LONDON– The city of London is replete with tourist traps, shopping and incredibly diverse cuisine. It is interwoven with time-honored British customs, like a healthy respect for the queen and the importance of tea, whether it is high or simply brewed in your kitchen that morning. The best part is that every turn holds a piece of history or a marker of a time in London, so mystical that it may well be fantasy.
There are many cultural differences that take time to adjust to. Many words are different: elevators are “lifts,” a phone is a“mobile” and no one refills anything: they “top up.” England is a funny place to study abroad for this reason.
At first glance, it seems as if everything is the same as back home. I mean, it is the same language, right? I have it a lot easier than friends in Madrid or Rome, but if you fail to look close enough, you may never pick up on the subtleties that separate our loud, young culture from a way of life that has been developing for centuries longer. The harder you look, the more there is to find.
London seems like a city of discovery just waiting for a wanderer like me. I guess New York would feel like that too, in a foreigner’s eyes. But really knowing a city means knowing the gritty side of it. Living in New York has familiarized me with the underbelly of the city — the politics, the crime, the rats, etc.
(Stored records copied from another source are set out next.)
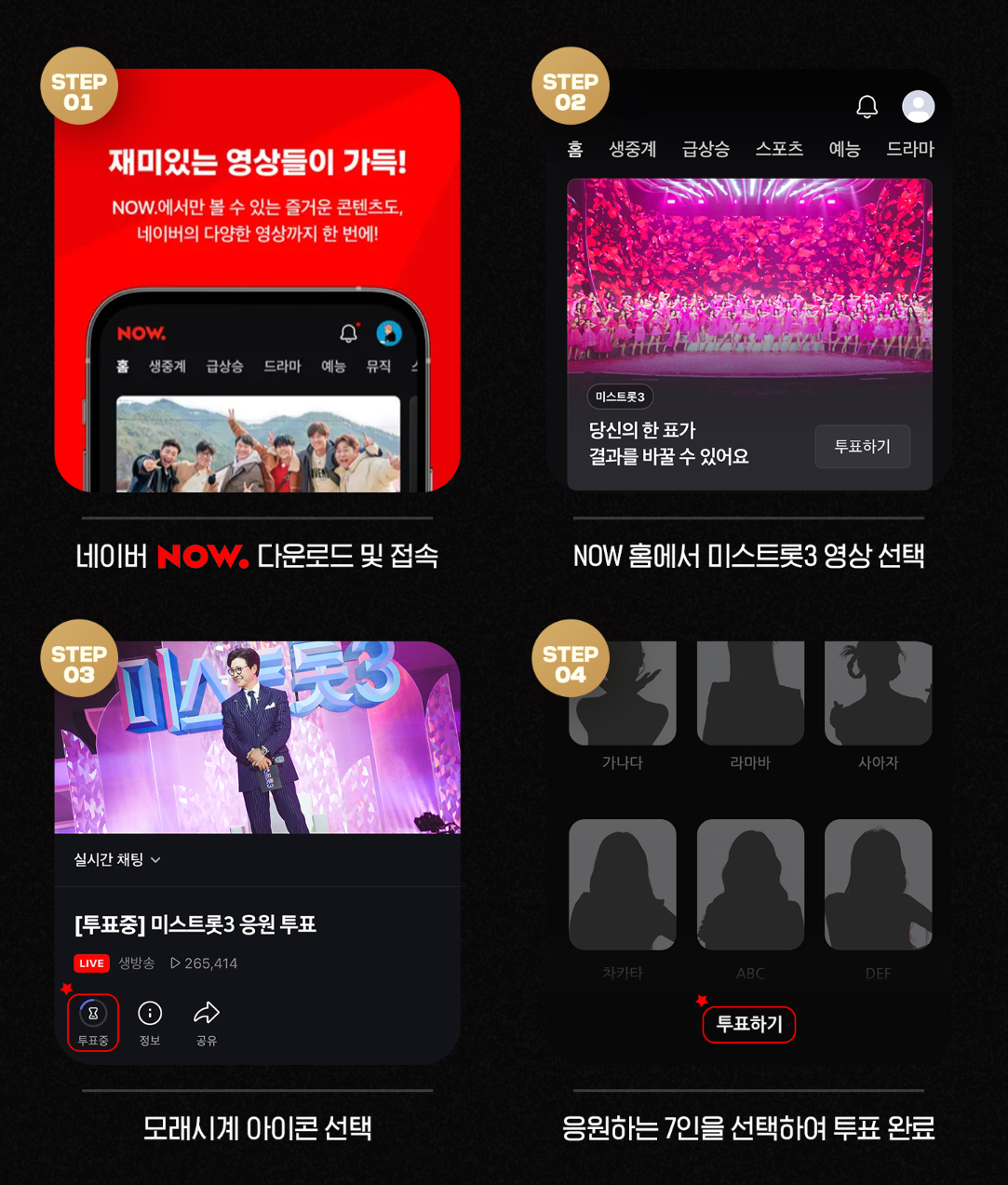 - NOW 앱에서 응원 투표에 참여하면, 자동으로 갈라쇼 티켓 이벤트에 응모됩니다.
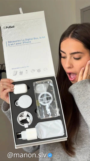 Le pack PulSed Box inclut une batterie à induction MagSafe, des Ecouteurs (2ème génération), une coque transparent MagSafe, un chargeur USB-C 12 W, un câble Lightning et un câble de chargement par induction MagSafe.
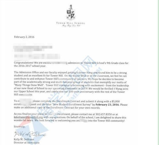 12、留美网ZH同学获得美国顶尖走读高中塔山中学的offer
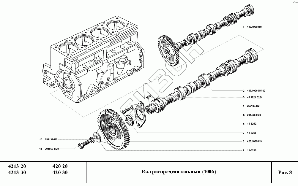 | 8 | 420.1006019 | Шестеpня pаспpеделительного вала с отметчиком в сборе |
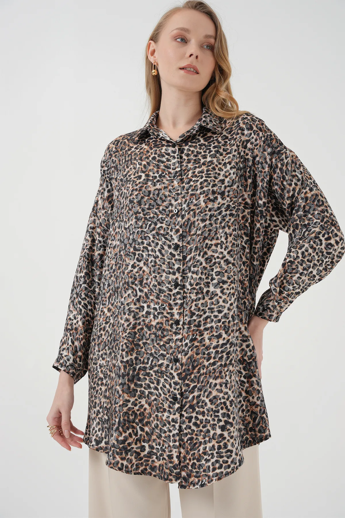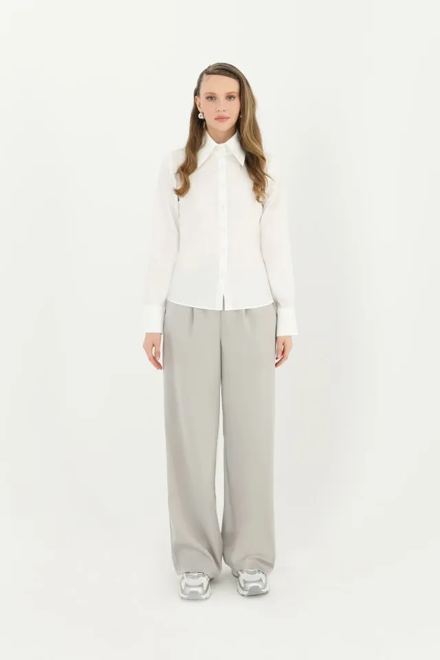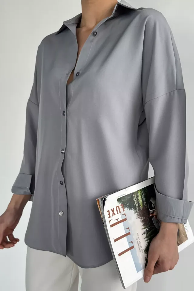 قميص نسائي ذو لون موحد بقصّة عادية وتصميم لف من الجانب، يجمع بين الأناقة والبساطة للحصول على مظهر يومي أنيق.
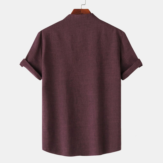 Breeze Way Menâs Linen Blend Mandarin Collar Henley
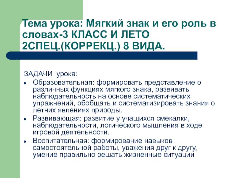 Современная эпоха перемен способствовала не только положительным инновациям в школьной жизни, но и привела к тому, что значительное количество детей уже в начальной школе не осваивают новые программы, а введение стандартов нового поколения приведет на мой взгляд к большему количеству таких детей, поэтому программа специальных (коррекционных) образовательных учреждений 8 вида обучения направлена на компенсирующее обучение, возможность адаптации более слабого ребенка к школьной жизни, развитие его индивидуальных особенностей, учитывая его психологические и интеллектуальные способности, предмет окружающего мира является в этом отношении одним из главных.
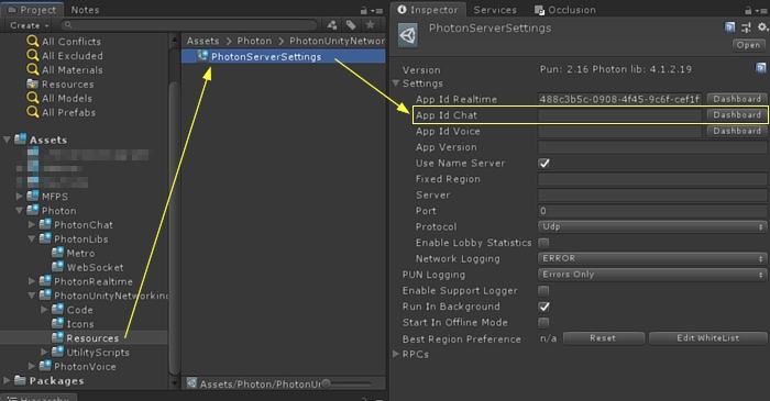 when you have your Chat AppID, paste it on the PhotonServerSettings:
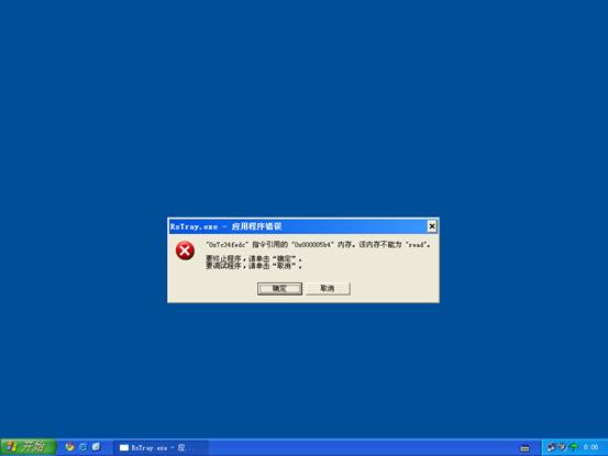 出现问题前的操作步骤:什么也不操错就报错,然后瑞星监控自动消失
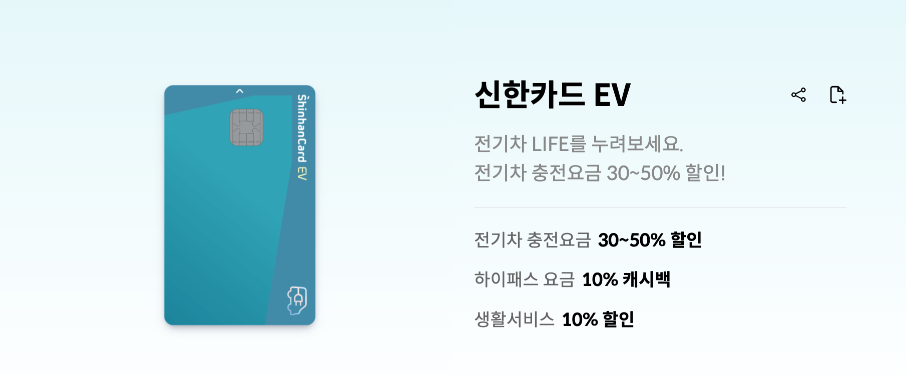 1 신한카드 EV 50% / 월 3만 원 환경부, 차지비, 한전 EV 1.5만 원 30만 원 신청하기
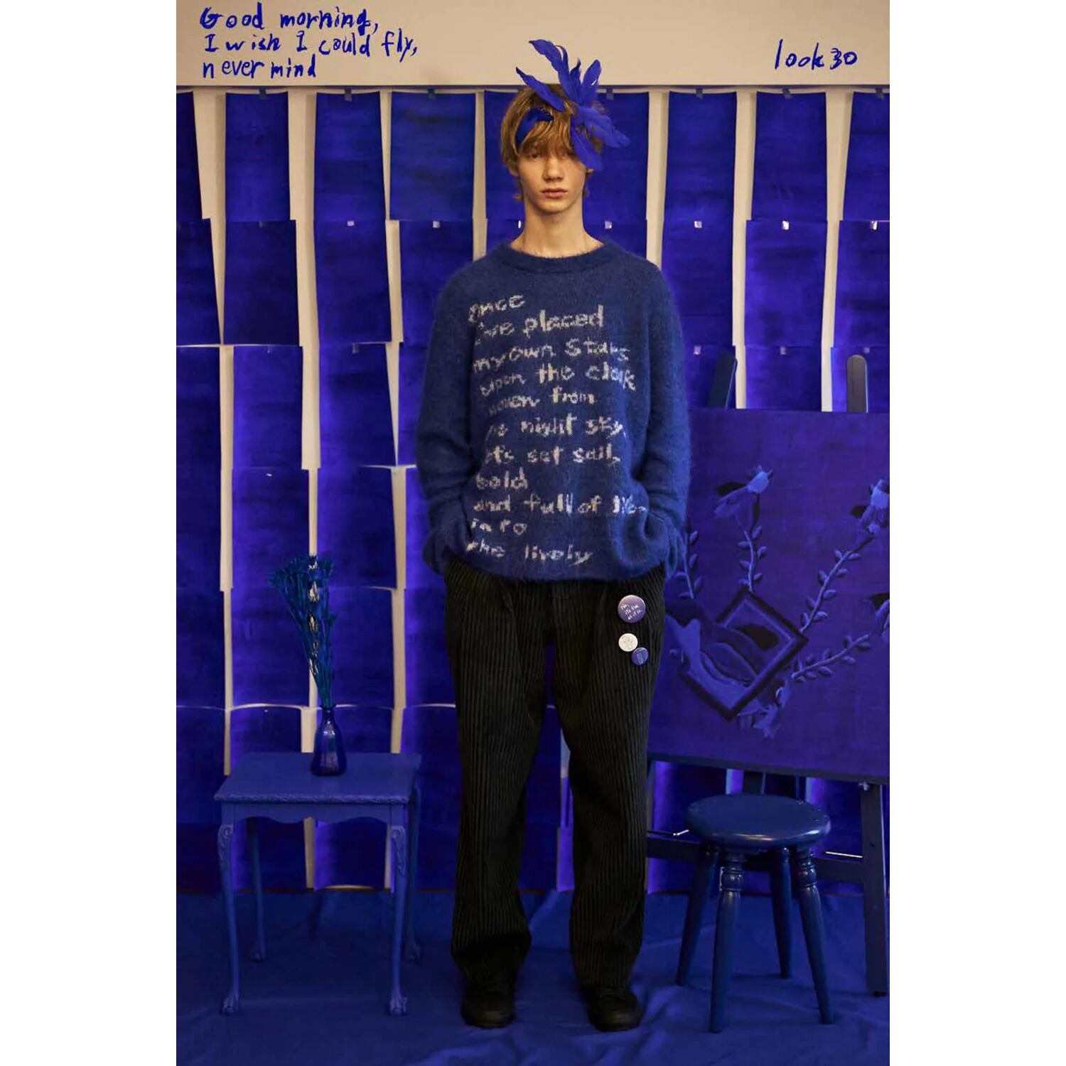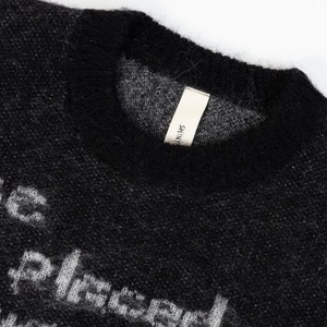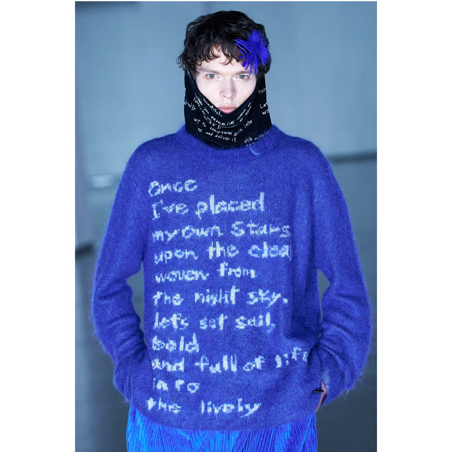 柔らかなモヘア混の糸で編み上げたニットです。軽さと温かさを兼ね備えた柔らかな着心地に仕上げています。「自分だけの光や個性を夜空に置き、勇気を持って新しい世界へ踏み出そう」という自由で冒険心にあふれたメッセージをフロントに。裾と袖はリブを付けないラフな仕立てで、レイヤードにも馴染みやすいデザインです。
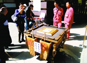 昨天中午,記者看到一只編號為0350的奧運(yùn)缶擺在該小區(qū)門前,其四周用鎖鏈與地面連接,缶上貼著“貴重物品,請勿觸摸”的紙條。旁邊坐著兩名自稱是中國金銀幣禮品網(wǎng)員工的女孩。據(jù)她們介紹,所賣的缶都是奧運(yùn)會開幕式上用過的,完好無損,均由單位以每個10萬元左右的價格從官方拍得,除部分?jǐn)[在分公司展示外,剩下六七只準(zhǔn)備售賣,現(xiàn)在明碼標(biāo)價賣12.8萬!懊恐惑径加惺詹刈C書和電子身份證書,可以上網(wǎng)核查真?zhèn)。擺在這里的是供展示,如果市民有興趣,可以留下手機(jī)號!辟u缶人員說。
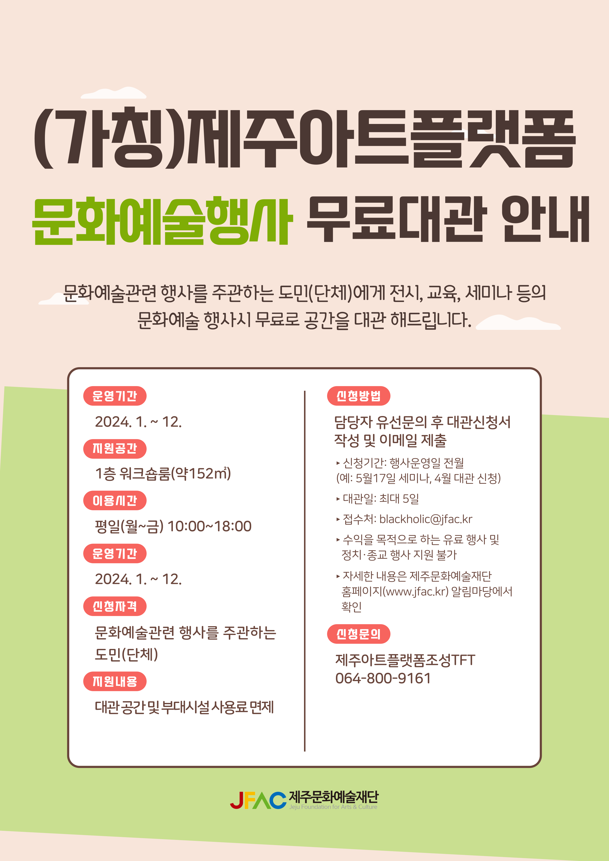 (가칭)제주아트플랫폼 문화예술행사 무료대관 안내

And the more I break through the tourist shell of London, the more I see of the same. (Well, there are considerably fewer rats.)
One of the first things that reminded me of real life was the River Thames. The banks of the river are incredibly beautiful and dotted with buildings such as St. Paul’s Cathedral, the London Eye and Big Ben, among many others. But look down and you will see the river swirling with muck and pollution so thick that it does not even look like water anymore. The river is brown and murky, and its shores are full of trash.
Strangely enough, within a week of my arrival, there was a call to action. An installation by British artist Jason deCaires Taylor appeared on the south bank of the Thames in early September. It is a series of sculptures, four ghostly white horsemen, doomed to be swallowed twice a day by the tide. The horses, topped with oil well pumps for heads, face the House of Parliament — calling out the political apathy towards the “environmental apocalypse.” Two of the riders are young children, trapped on their eerie horses, and the other two are middle-aged politicians with hands folded stubbornly over their round bellies. Their faces are scrunched up in indignation and their necks twisted away from Parliament and the children.
The sculptures live in and out of the water and only appear at low tide, resurrected twice a day. They can see and survive what we cannot. For me, they serve as a stark reminder that London is not any more a fantasy than New York.
Still, I am by no means disenchanted with London. After all, I love New York regardless of its prickliness and its dark side. I think I love London all the more for its grime and its toughness, as well as its two thousand-year-old struggle for constant improvement.